* WHAT NEEDS TO BE DONE *
Retype, word for word, only the lines from the one containing "01.06.2025 | Диплом |" through the last line of the listing below. Pictures do not belong in the result.

═══ RAW DATA ═══

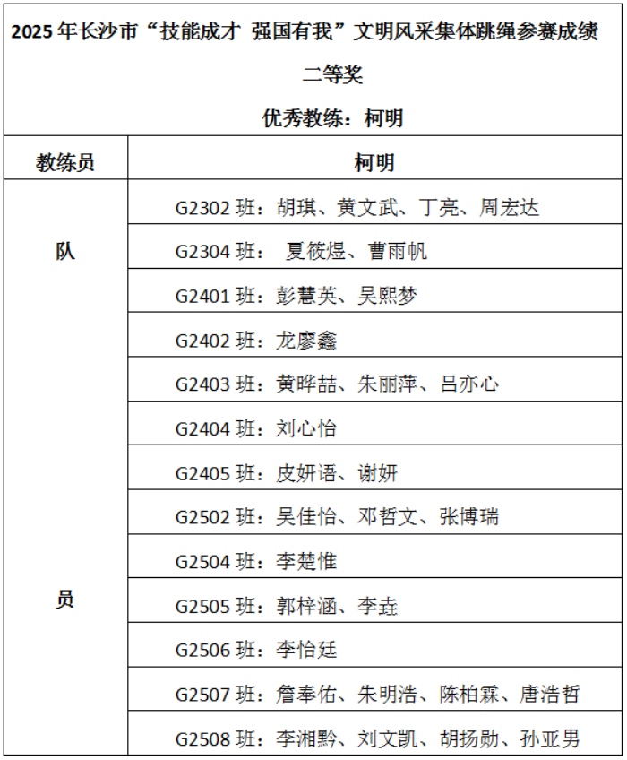 在集体跳绳项目中,我校跳绳队在柯明老师的指导下,以整齐划一的节奏、轻盈敏捷的身姿,在空中划出优美的弧线。他们凭借稳定的发挥和完美的团队协作,荣获二等奖,体现了速度、耐力与协作的完美结合。
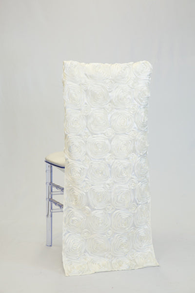 Ivory Satin Ribbon Rosette Chiavari Chair Cover
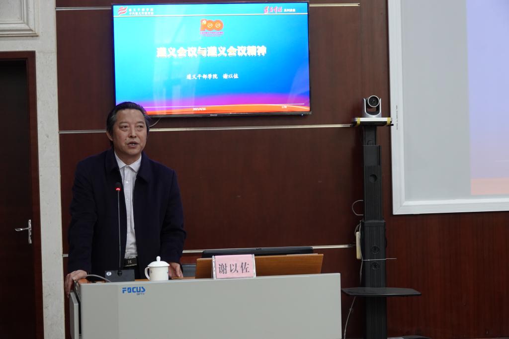 谢以佐副董事长的讲授图文并茂、生动活泼,他结合遵义会议召开前后的重要历史事件,从“为什么召开遵义会议”、“遵义会议是怎么召开的”、“怎样弘扬遵义会议精神”等三个方面讲述了中国共产党从挫折走向胜利的伟大转折和历史经验;从微观、中观、宏观三个方面深刻解读了会议的精神内涵:即坚定信念、实事求是、独立自主、民主团结;以丰富的理论视角,阐述了中国共产党艰苦卓绝、光荣辉煌的奋斗历程,并就如何弘扬遵义会议精神、加强党的建设、提高党员党性修养、加强党的作风建设,从而推进全面从严治党作了深刻阐述。他强调,遵义会议的精神实质就是“讲政治、守纪律、敢担当”,全体党员要做到在思想上统一、行动上一致、力量上同向;对于共产党员来说,最重要的就是要做到忠诚、服从、奉献,具体到行动上就是要做到“五个牢固”、“五个必须”、“五个敢于”。党员干部要传承红色基因、发扬优良传统,深入学习和领会遵义会议精神的实质,在党史学习中淬炼党性、洗礼精神,提高政治站位,增强政治定力,坚定政治信仰,做到对党绝对忠诚!
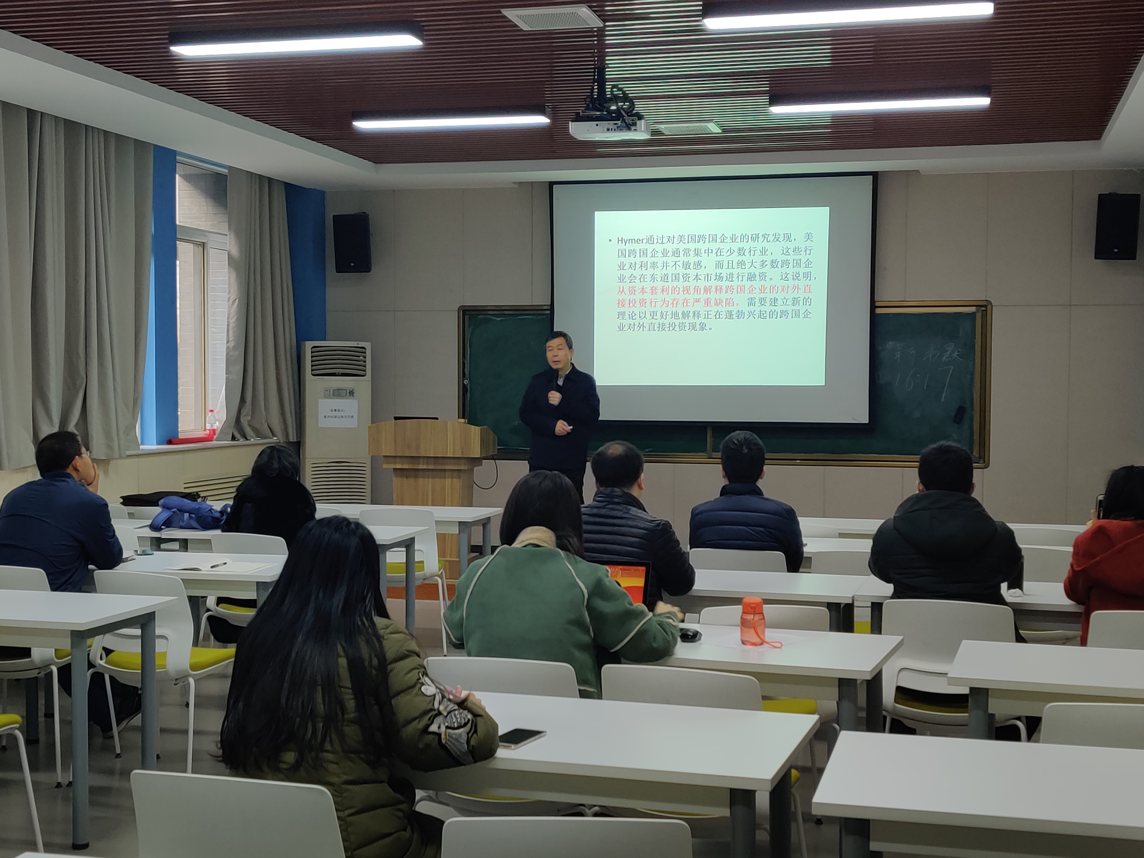 2019年12月30日上午,武汉大学吴先明教授应邀来我院作题为“跨国企业研究的基本理论与主要议题”的学术报告。本次报告由贾明教授主持,我院部分师生参加了此次报告会。
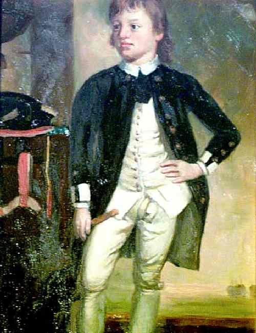 This painting may be difficult to attribute as it may not be by a major artist. We believe it is English. It looks to be a boy about 12 years old. I am guessing that he may be a midshipman about to go to sea and begin a career in the Royal Navy. He looks to be wearing a naval uniform. I am not sure, however, how to date the portrait. I would guess the late 18th centuty, perhaps aboyt the time of the American Revolution or before the Napoleonic Wars of the 19th century. I am not sure what is on the table beside him, perhaps his naval cap. Also I am not sure what he is holding in his hand. The image is difficult to date because the officers of the Royal Navy, unlike the enlisted men, wire knee breaches well into the 10th century. Also notice the heavily buttoned white vest matching the knee breaches.
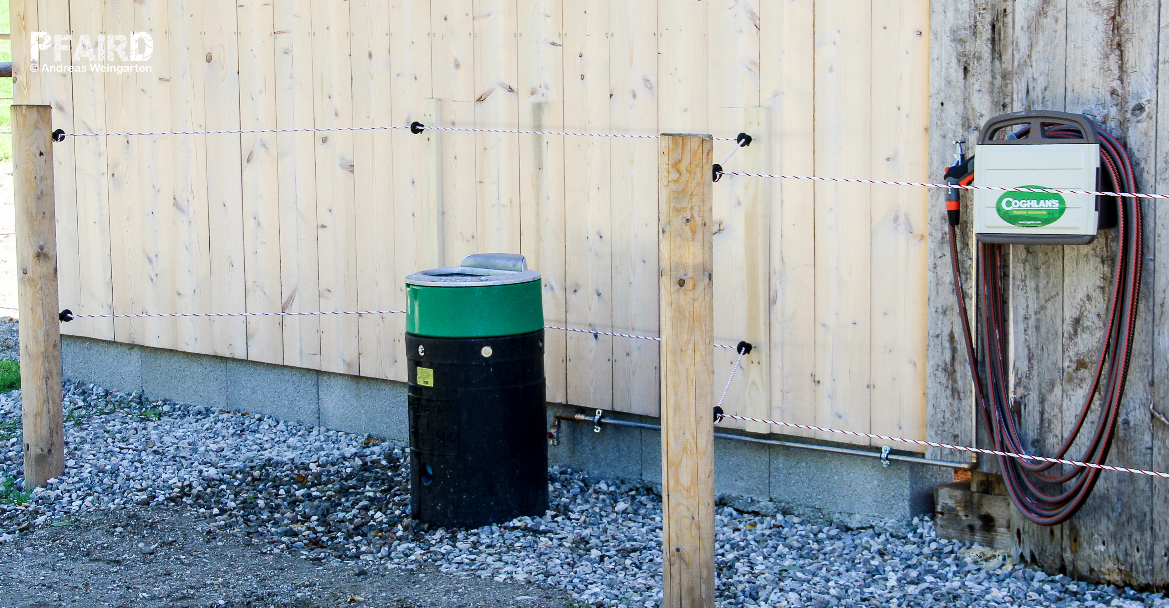Wir haben eine frostfreie Tränke mit Trinkwasserzufluss installiert. Sie steht auf einem isolierten Fuß an der Rückseite des Stallgebäudes und entgegengesetzt der Futterraufe (Bewegungsanreiz). Die Tränke wird bei Temperaturen unter 5° Celsius automatisch beheizt. Der Tränker ist ein sogenannter Saugtränker. D. h. der Wasserstand wird schwimmergesteuert aufgefüllt und die Pferde können einfach saugen. Der Tränker ist sehr gut zu reinigen (Edelstahl) und die Pferde haben diese Tränke sehr gut angenommen. Für drei Pferde reicht diese eine Säule aus. Erfahrungen aus anderen Ställen haben uns gezeigt, dass die sogenannten „Zungentränker“, also Tränker, wo nur Wasser fließt, wenn das Pferd mit der Nase die Zunge des Tränkers drückt, nicht immer zu ausreichendem Konsum anregen. Wasser ist aber die Basis für Alles. Der Kreislauf, die Verdauung, die Umsetzung von Nahrung sowie die Gesunderhaltung der inneren Organe hängen alle an der ausreichenden Wasserversorgung.
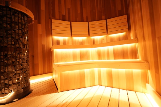 2025年にリニューアルされたサウナ。セルフロウリュと外気浴で“ととのう”ゴルフ体験を。 サウナ室(男性)
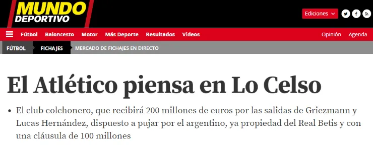 Según detalló Mundo Deportivo, luego de un trabajo correcto llevado a cabo, el Atlético Madrid habría posicionado su atenta mirada sobre Giovani y estaría dispuesto incluso a realizar una mega-oferta por el volante (las partidas de Griezmann y Lucas Hernández le darán una gran inyección económica al elenco de Sevilla).
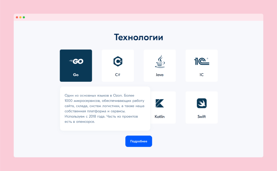 Когда мы проводили обзор этого карьерного сайта, мы не задавались вопросом, что будет дальше при нажатии на кнопку. Всё было очевидно, UX помог нам лишний раз не думать, чего обычно дизайнеры и добиваются от пользователей — чтобы они не думали и не придумывали. #спасибо_ozon
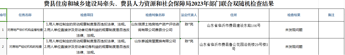 费县住房和城乡建设局牵头、费县人力资源和社会保障局2023年部门联合双随机检查结果
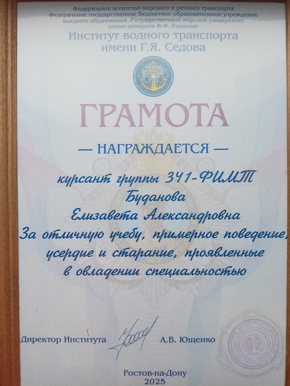 | За отличную учебу, примерное поведение, усердие и старание, проявленные в овладении специальностью | Внутривузовский | 01.06.2025 | Диплом |
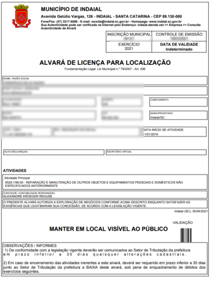 - Emissão de Alvará em Indaial: https://indaial.atende.net/?pg=autoatendimento#!/tipo/servico/valor/37/padrao/1/load/1

═══

* RESPONSE AREA *
 | За отличную учебу, примерное поведение, усердие и старание, проявленные в овладении специальностью | Внутривузовский | 01.06.2025 | Диплом |
 - Emissão de Alvará em Indaial: https://indaial.atende.net/?pg=autoatendimento#!/tipo/servico/valor/37/padrao/1/load/1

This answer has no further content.